Profile in Hatred: Evelyn Waugh and Robert Byron

Biographer and literary critic Jeffrey Meyers has written a biographical profile of travel writer Robert Byron, with particular reference to the mutual hate – love – hate relationship between Byron and Evelyn Waugh. This appears in the online journal The Article and is entitled “Fierce Friends and Bitter Enemies”.

Meyers mines Waugh’s letters and diary as well as his journalism for expressions of his feelings for Byron. There was jealousy and adversity at Oxford followed by friendship in the late 1920s. Indeed, Meyers goes into some detail to explore how the two were on friendly terms at the time of Waugh’s 1928 marriage to Evelyn Gardner. Byron was one of the few who was invited to the wedding and the couple were actually in temporary accommodations across from Byron’s house where they spent most of their time prior to the wedding due to the “disgusting” nature of Waugh’s lodgings. Byron described his role in the wedding service: “to fetch Evelyn Gardner to the church and I know she won’t come.” After the wedding, the two writers fell out again and remained at odds until Byron’s death in WWII. Meyers offers this explanation for their post-marital renewal of ill-will:

The most obvious reason for the rupture of Waugh’s friendship was Byron’s virulent anti-Catholic attacks, which shook the precarious foundation of Waugh’s newly acquired faith. Byron’s hostility, favouring Byzantine over Catholic art and architecture, was aesthetic as well as spiritual. Douglas Patey pointed out that “all Byron’s books of the twenties pause to attack Rome, the papacy and Catholic art, favouring instead Byzantine and Islamic styles. Waugh also meant to irritate Byron by consistently mocking ‘the glamour of the East,’ by running down the Orthodox churches he visited (always unfavourably compared to Catholic), and by his wholesale, deliberately Blimpish condemnation of Islamic art and culture.”

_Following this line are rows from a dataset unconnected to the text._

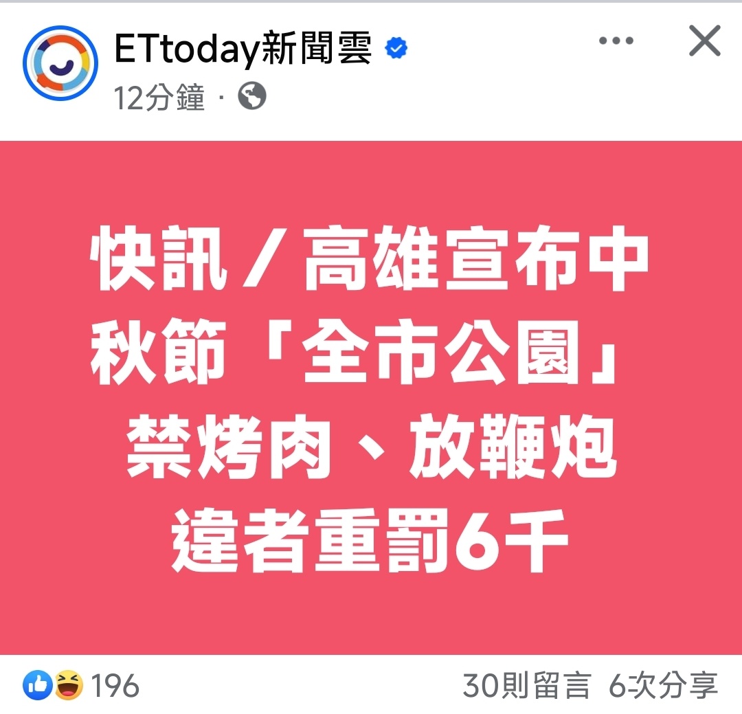 標題[新聞] 中秋夜10點後禁放煙火 台南鎖定4熱區稽查開罰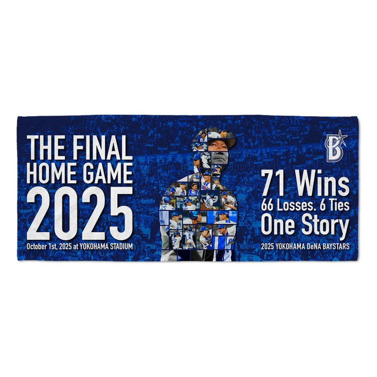 本拠地横浜スタジアムで2025年の最終戦を迎えました。最終戦に出場した全選手のプレーシーンを三浦監督のフレームに収めたデザインのハイライトグッズが登場です。チームが駆け抜けた71勝66敗6引き分けは,すべて2025年のストーリーです。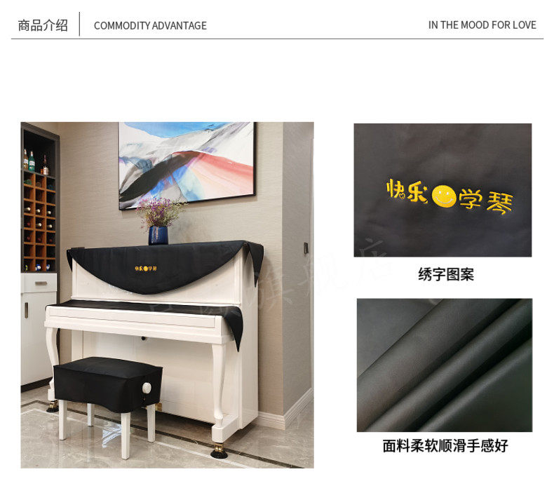 启颜 Современное пианино, полиуретановый комплект, пылезащитная крышка, клавиатура, накладки, простой и элегантный дизайн, 3 предмета
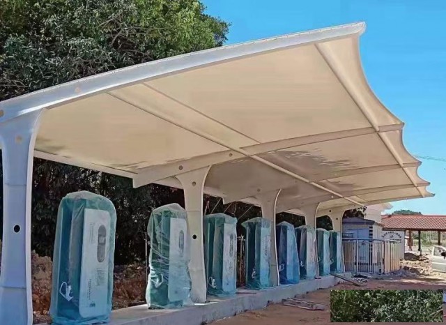 广州的未来环保:安装设计膜结构车棚,充电桩车棚,光伏板车棚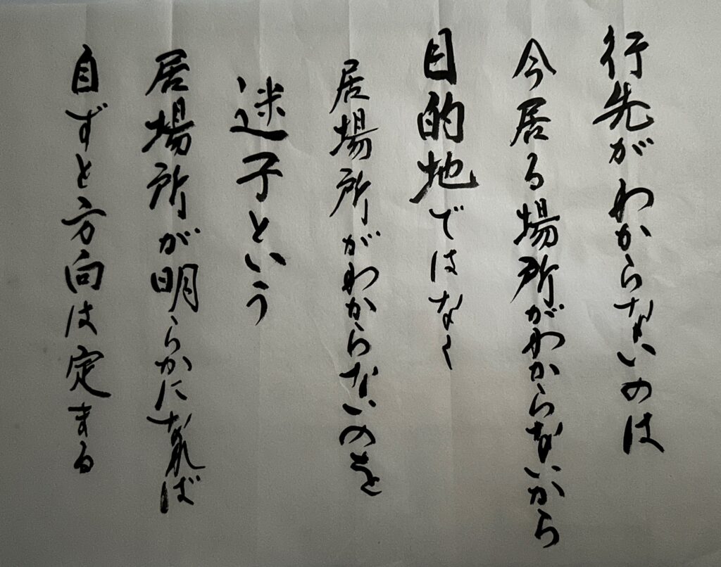 私たちは豊かな生活の中で、自身の居場所を見失い迷子になっているのではないでしょうか。居場所が明らかになれば自ずと方向が定まる。私は今、どこにいるのか。そのことを気づかせてくれるのが仏教なのではないでしょうか。

Byron’s role in the wedding was a topic considered at some length in an article in EWS 41.2 by John Howard Wilson, “A Neglected Address: 25 Adam Street.”

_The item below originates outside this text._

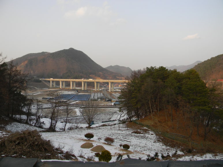 저 높이 보이는 고가도로는 당진영덕고속도로이다. 그가 있기 전에는 정말 조용했던 산촌이었는데,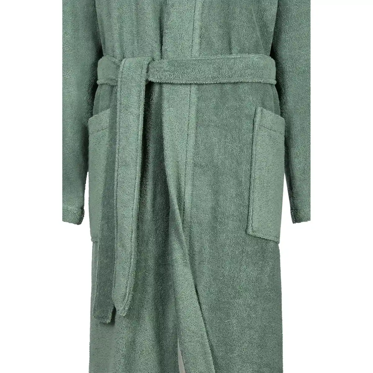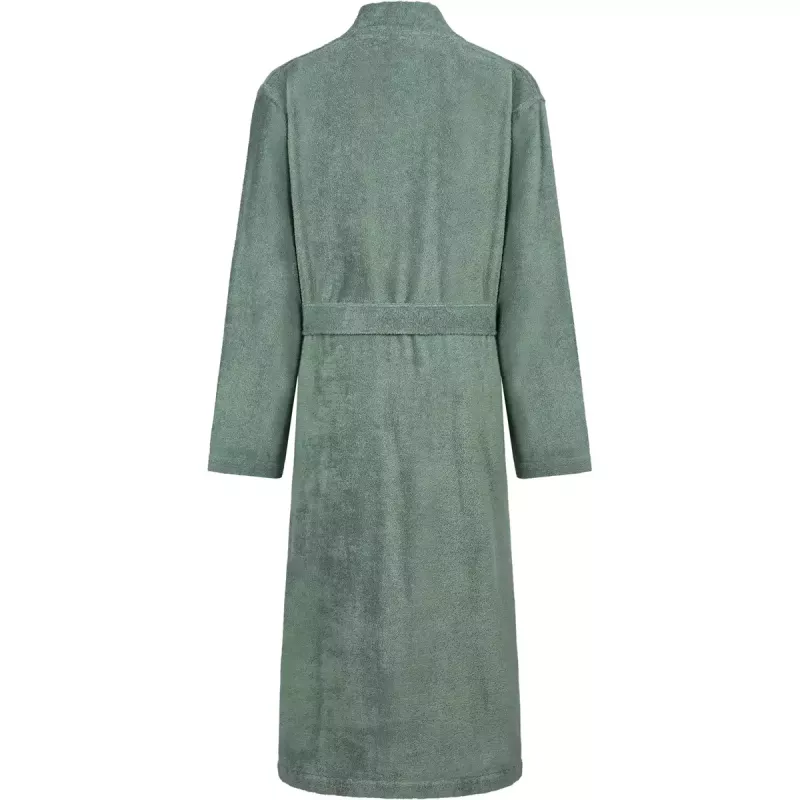 The kimono cut provides a flattering, relaxed fit with a waist belt for easy adjustment and freedom of movement. The absorbent terry fabric feels soft and natural against the skin while offering excellent breathability and comfort throughout the year. With a length of approximately 120 cm, it provides both full coverage and lightweight wearability.

In addition to citing and analyzing Waugh’s vituperative feelings toward Byron at some length, Meyers offers descriptions of Byron by Anthony Powell, Christopher Sykes, Harold Acton as well as others, and sometimes comments on what may have motivated their attitudes toward him. Some are familiar, others less so. He also offers an explanation of the detailed circumstances of Byron’s death during WWII, something previous biographers have overlooked. One almost gets the suspicion that Meyers is (or was) writing or considering a book length biography of Byron (or Waugh) and selected some of the more entertaining bits for this article.

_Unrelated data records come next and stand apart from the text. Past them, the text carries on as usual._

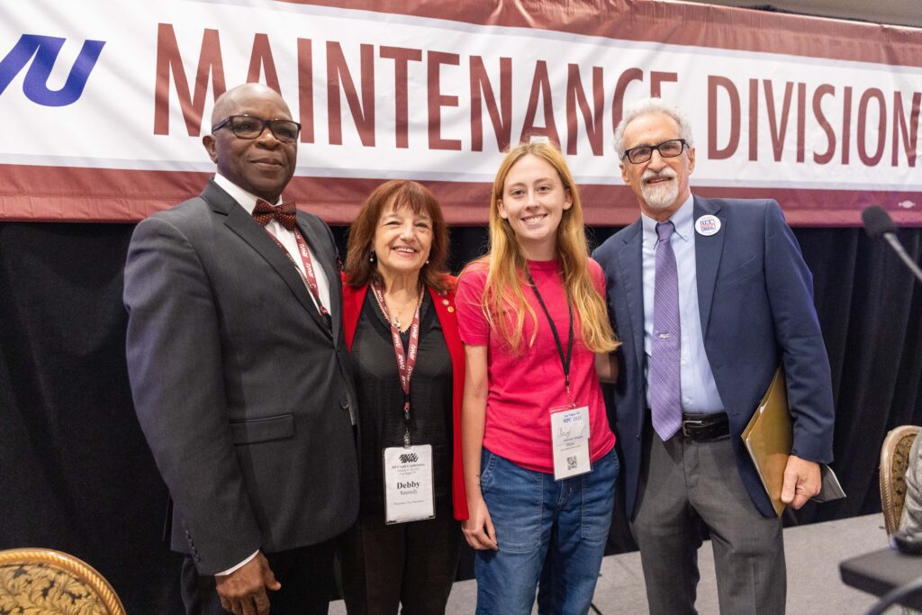 Before officer reports began, Director Balogun acknowledged all the Maintenance Craft Directors under 30, and celebrated Abby Moyer of the Des Moines Area Local as the youngest Maintenance Director at just 22 years old. She was brought up for a photo opportunity with Dimondstein and Balogun.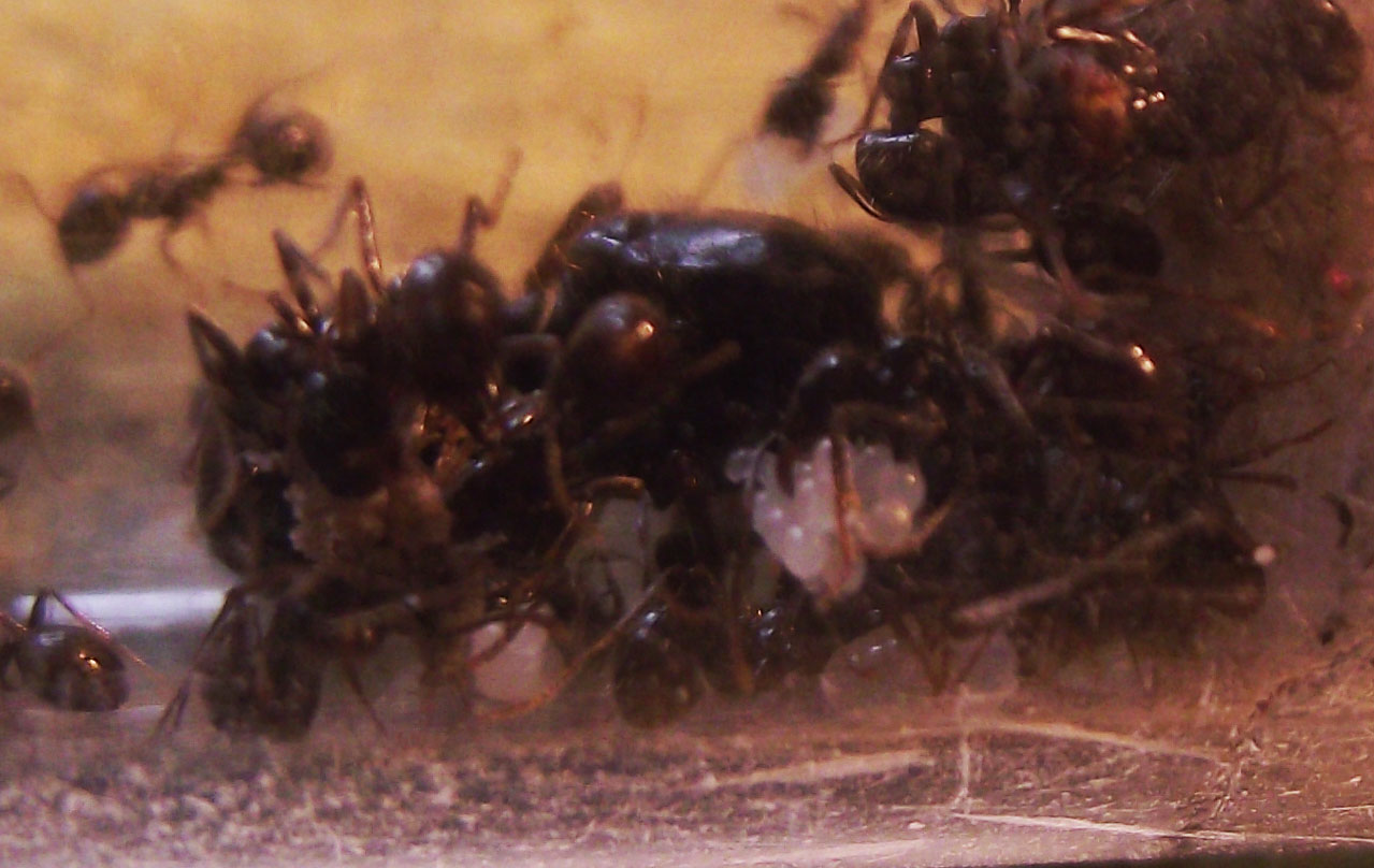 Continuano a non accettare proteine, di nessun tipo, camole meno che tutti, e in effetti non si stanno sviluppando velocemente...tutt'altro, è vero che sono aumentate di numero ma la covata non è grande, poche larve e un pacchetto di uova. Le altre colonie che ho si stanno dando da fare con molte larve e uova,queste sono più rilassate, è nata la media, da quella larva grossa di qualche mese fa, e varie minor.Spoiler: mostra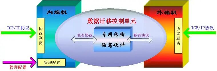 由于数据迁移控制单元使用专用的私有协议与内外端机进行通信,且其驱动程序模块也是独立编写的,在这种情况下,即使黑客试图通过代码分析洞悉安全隔离与信息交换系统一端机的接口,也无法通过控制单元攻击到另外一端机,也就无法攻击到另一端网络。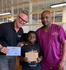 Grant funding helped OASIS Fine Art & Craft promote the arts through scholarships. Here a student shows off his 3D printed nameplate with JuiceWorks 3D Executive Director Andrei Dacko (left).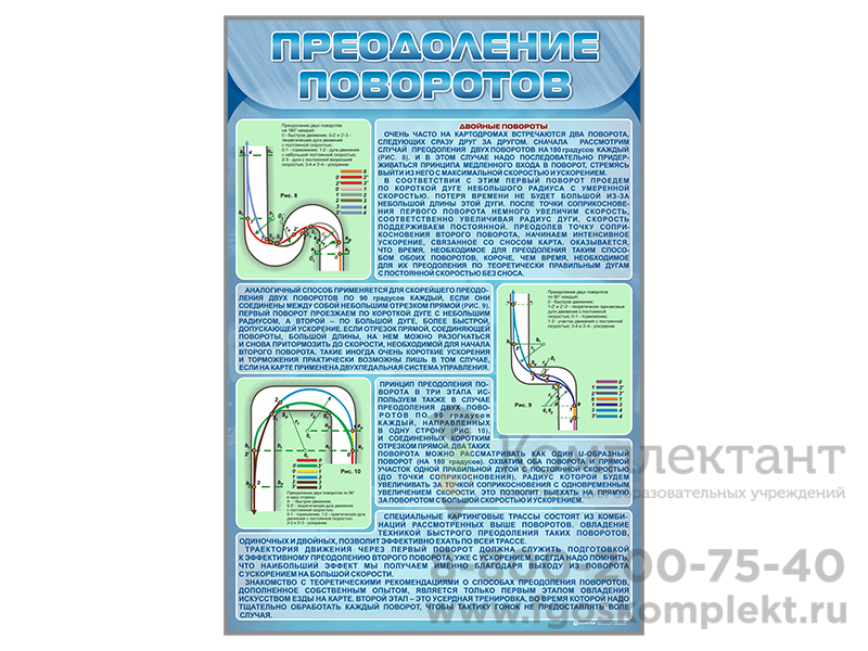 Стенды предназначены для ознакомления обучающихся со схемами одиночных и двойных поворотов на трассе, правилами их преодоления, а также для формирования осознанного отношения к занятиям картингом.

Meyers concludes his article as to Waugh’s side of the relationship with this:

Waugh’s self-loathing and competitive spirit combined with Byron’s tirades against Catholicism and vehement political views were the most obvious causes of Waugh’s violent hatred. But there were also more subtle reasons. Byron had been an eyewitness and painful reminder of the two most discreditable and humiliating episodes in Waugh’s life: his Oxford homosexuality and disastrous first marriage. The cuckolded Waugh wanted to suppress and forget them, while the antagonistic Byron always remembered and ridiculed them.[…] Finally, Waugh felt guilty about the effect of the war on their lives and reputations. He had secured an army commission, had an undistinguished record during the British retreat from Crete and his military liaison with Tito in Yugoslavia. He survived the war and died straining himself on the lavatory. Byron, whose violent temper prevented him from getting a commission, was Waugh’s only close Oxford friend who died through enemy action. The dead Byron seemed to emerge from the war with more glory than the living Waugh. In venting his hatred, despite the great achievement of his novels, Waugh must have felt, as Gore Vidal sharply observed, “it was not enough to succeed, others [like Byron] must fail.”

Meyers’ article is well written (if a trifle repetitive) and amusing throughout. Even the repetitive sections bear repeating since they offer a different perspective on a matter mentioned previously. One can only hope that it may be the harbinger of a longer work. It should be recalled that Meyers previously published an article on Waugh’s war service in Yugoslavia; this appeared in EWS 50.2. Perhaps these are parts of an extended narrative or  collection.